2019-01-15 16:08:40 INFO juju.worker.uniter.operation runhook.go:135 ran "client-relation-changed" hook
2019-01-15 16:08:40 DEBUG juju.worker.uniter.operation executor.go:90 committing operation "run relation-changed (172; nova-compute-bionic/1) hook"
2019-01-15 16:08:40 DEBUG juju.machinelock machinelock.go:180 machine lock released for uniter (run relation-changed (172; nova-compute-bionic/1) hook)
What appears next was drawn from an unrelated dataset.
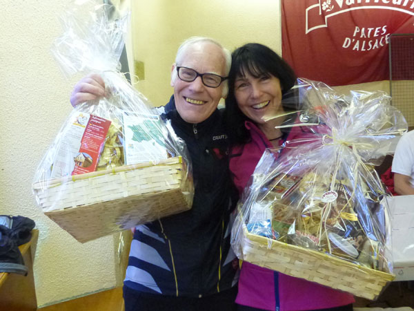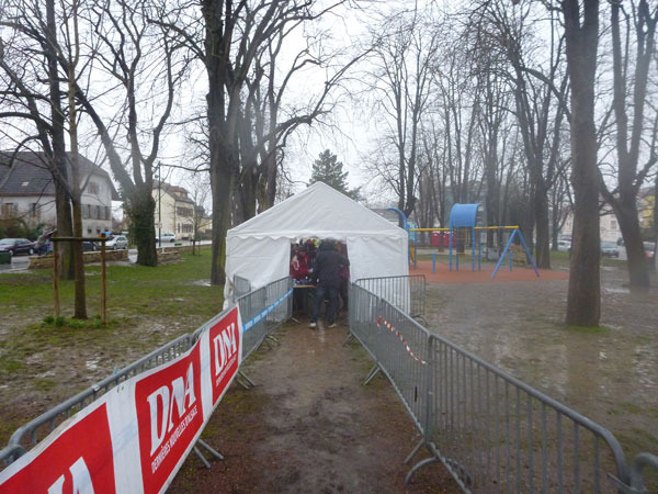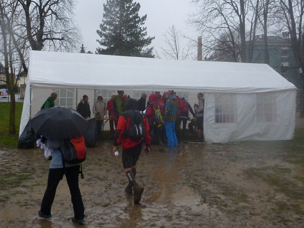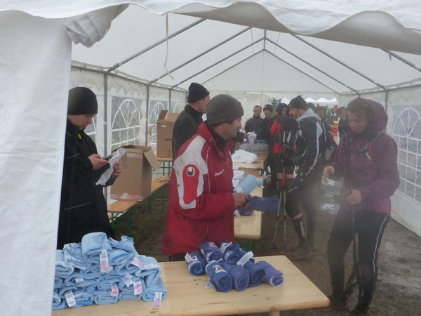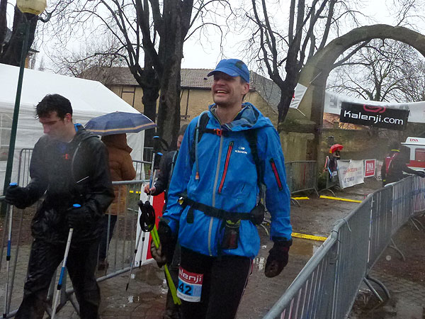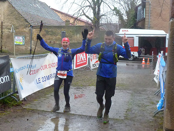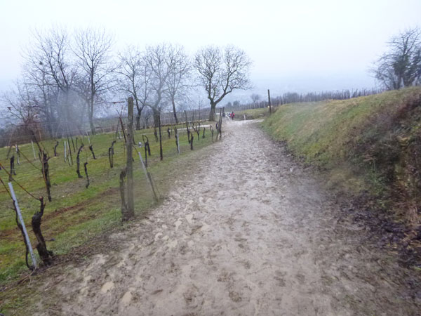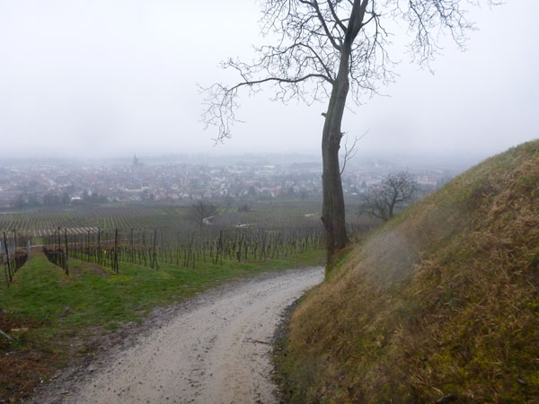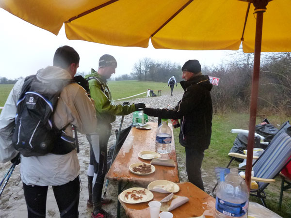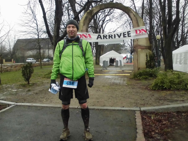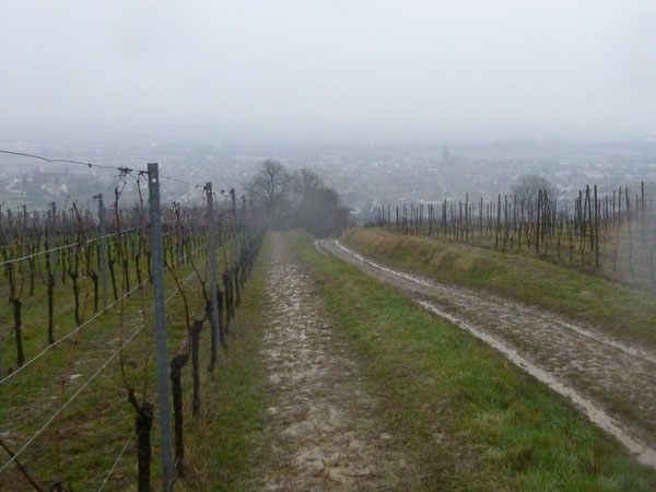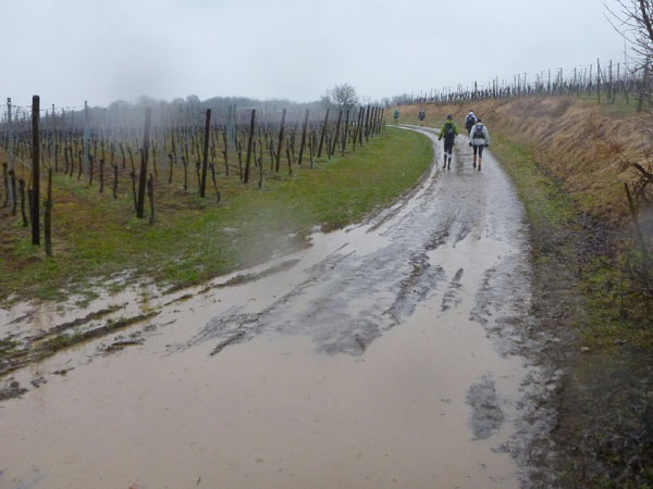 In Sichtweite der l’Eglise, der von weitem schon hervorstechenden Kirche von Rouffach, bekommen wir zum krönenden Abschluss noch einmal ein Schlammbad vom Feinsten. Ein schmaler Pfad durch ein Wäldchen lässt uns nicht die geringste Möglichkeit, irgendeinen unbefleckten Quadratzentimeter unserer Laufschuhe ins Ziel zu bringen. Ein letzter Downhill durch die Weinfelder und das Ziel an der Allee de Humaniste ist erreicht. Finishershirt und ein Mirofaserhandtuch werden direkt nach dem Zieldurchlauf überreicht.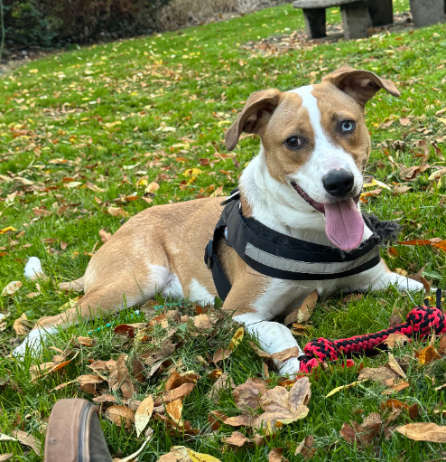 Pet Description:He has a brown and blue eye he's light brown and white |

2019-01-15 16:08:40 DEBUG juju.worker.uniter.operation executor.go:79 lock released
2019-01-15 16:08:40 DEBUG juju.worker.uniter resolver.go:123 no operations in progress; waiting for changes
2019-01-15 16:08:40 DEBUG juju.worker.uniter agent.go:17 [AGENT-STATUS] idle:
2019-01-15 16:11:36 DEBUG juju.worker.uniter.remotestate watcher.go:510 update status timer triggered
2019-01-15 16:11:36 DEBUG juju.worker.uniter resolver.go:123 no operations in progress; waiting for changes
2019-01-15 16:11:36 DEBUG juju.worker.uniter.operation executor.go:59 running operation run update-status hook
2019-01-15 16:11:36 DEBUG juju.machinelock machinelock.go:156 acquire machine lock for uniter (run update-status hook)
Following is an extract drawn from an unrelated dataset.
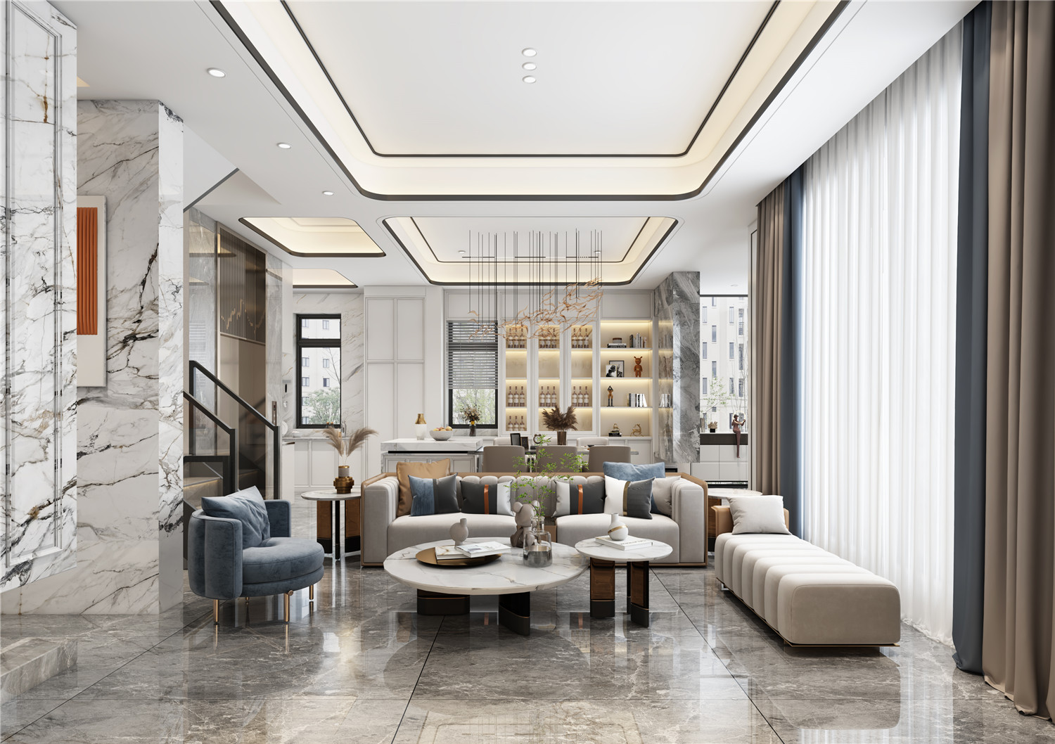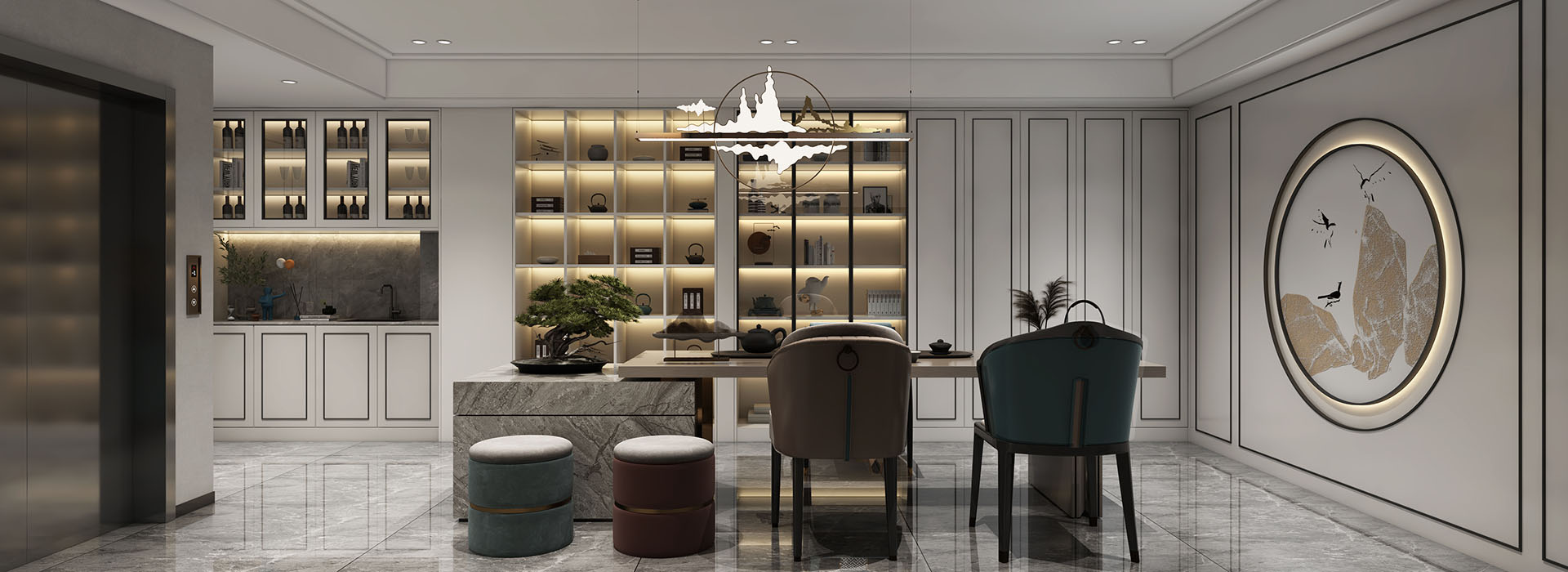 有質感、有品位的生活,一定要嘗試一下現代風。大面積石材的運用,奠定了低調不失尊貴的基調。利用線條進行空間的分割與裝飾,突顯了理性典雅的氣質。元素中加入一些新中式風格,讓空間顯得有韻味。

2019-01-15 16:11:36 DEBUG juju.machinelock machinelock.go:166 machine lock acquired for uniter (run update-status hook)
2019-01-15 16:11:36 DEBUG juju.worker.uniter.operation executor.go:90 preparing operation "run update-status hook"
2019-01-15 16:11:36 DEBUG juju.worker.uniter.operation executor.go:90 executing operation "run update-status hook"
2019-01-15 16:11:37 DEBUG worker.uniter.jujuc server.go:181 running hook tool "juju-log"
2019-01-15 16:11:37 DEBUG juju-log Hardening function 'update_status'
2019-01-15 16:11:37 DEBUG worker.uniter.jujuc server.go:181 running hook tool "config-get"
2019-01-15 16:11:37 DEBUG worker.uniter.jujuc server.go:181 running hook tool "juju-log"
2019-01-15 16:11:37 DEBUG juju-log No hardening applied to 'update_status'
2019-01-15 16:11:37 DEBUG worker.uniter.jujuc server.go:181 running hook tool "juju-log"
2019-01-15 16:11:37 INFO juju-log Updating status.
2019-01-15 16:11:38 DEBUG worker.uniter.jujuc server.go:181 running hook tool "application-version-set"
2019-01-15 16:11:38 DEBUG worker.uniter.jujuc server.go:181 running hook tool "relation-ids"
2019-01-15 16:11:38 DEBUG worker.uniter.jujuc server.go:181 running hook tool "relation-get"
2019-01-15 16:11:38 DEBUG worker.uniter.jujuc server.go:181 running hook tool "relation-list"
2019-01-15 16:11:38 DEBUG worker.uniter.jujuc server.go:181 running hook tool "relation-get"
2019-01-15 16:11:38 DEBUG worker.uniter.jujuc server.go:181 running hook tool "relation-get"
2019-01-15 16:11:38 DEBUG worker.uniter.jujuc server.go:181 running hook tool "relation-get"
2019-01-15 16:11:38 DEBUG worker.uniter.jujuc server.go:181 running hook tool "relation-ids"
2019-01-15 16:11:38 DEBUG worker.uniter.jujuc server.go:181 running hook tool "relation-get"
2019-01-15 16:11:38 DEBUG worker.uniter.jujuc server.go:181 running hook tool "relation-list"
2019-01-15 16:11:38 DEBUG worker.uniter.jujuc server.go:181 running hook tool "relation-get"
2019-01-15 16:11:38 DEBUG worker.uniter.jujuc server.go:181 running hook tool "relation-get"

Juju log on the nova-compute:

2019-01-15 16:09:20 DEBUG worker.uniter.jujuc server.go:181 running hook tool "juju-log"
2019-01-15 16:09:20 DEBUG juju-log ceph:172: adding section 'DEFAULT'
2019-01-15 16:09:20 DEBUG worker.uniter.jujuc server.go:181 running hook tool "juju-log"
2019-01-15 16:09:20 DEBUG juju-log ceph:172: 1 section(s) found
2019-01-15 16:09:20 DEBUG worker.uniter.jujuc server.go:181 running hook tool "relation-get"
2019-01-15 16:09:20 DEBUG worker.uniter.jujuc server.go:181 running hook tool "relation-get"
2019-01-15 16:09:20 DEBUG worker.uniter.jujuc server.go:181 running hook tool "relation-get"
2019-01-15 16:09:20 DEBUG worker.uniter.jujuc server.go:181 running hook tool "relation-get"
2019-01-15 16:09:21 DEBUG worker.uniter.jujuc server.go:181 running hook tool "relation-get"
2019-01-15 16:09:21 DEBUG worker.uniter.jujuc server.go:181 running hook tool "relation-get"
2019-01-15 16:09:21 DEBUG worker.uniter.jujuc server.go:181 running hook tool "relation-get"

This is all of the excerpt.